U.S. Treasury yields were little changed on Thursday as investor attention turned to fresh jobs data that will provide the latest insights into the state of the economy.

At 5:10 a.m. ET, the yield on the 10-year Treasury yield was up by less than one basis point to 3.7722%. The 2-year Treasury yield was last at 3.7724% after dipping by less than one basis point.

Yields and prices move in opposite directions and one basis point equals 0.01%.

Treasurys

On Wednesday, the 10- and 2-year Treasury yields briefly normalized, reversing the inverted yield curve which is historically seen as a recession indicator. The 10-year yield was above the 2-year yield for the first time since June 2022. The 10- and 2-year yields remained close together on Thursday.

Market attention turned to jobs data due this week, including nonfarm payrolls and the latest unemployment figures for August on Friday.

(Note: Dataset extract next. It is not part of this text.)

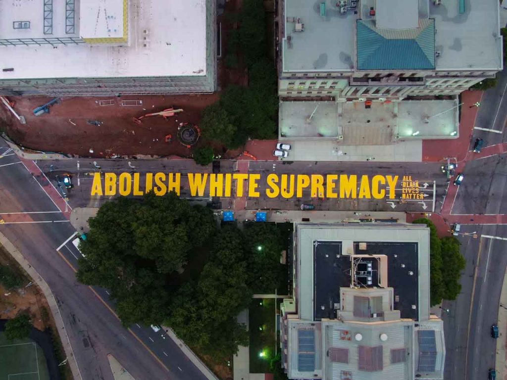 “ABOLISH WHITE SUPREMACY” on Martin Luther King Jr. Boulevard, between the Essex County Courthouse and the Veteran’s Courthouse.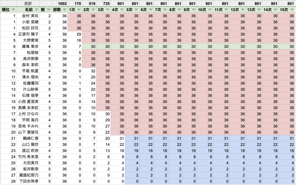 どのようにするのが最も公平かと考え、あの坂では以下のように人気度を算出することとしました。(基本的に乃木坂と同じ方式です)

The weaker-than-expected July jobs report had prompted a wave of recession fears and market volatility, as questions about whether the Federal reserve should have cut interest rates sooner emerged.

The latest jobs print will therefore be closely watched by investors, who will parse through the data for hints about current economic conditions and what could lie ahead.

On Thursday, weekly initial jobless claims data is due, which has also been followed intently by investors in recent weeks. Economists surveyed by Dow Jones are expecting jobless claims to come in slightly below the previous week’s reading.

The data comes ahead of the next Federal Reserve meeting later this month, when the central bank is expected to cut interest rates. Uncertainty remains about the size of the rate cut.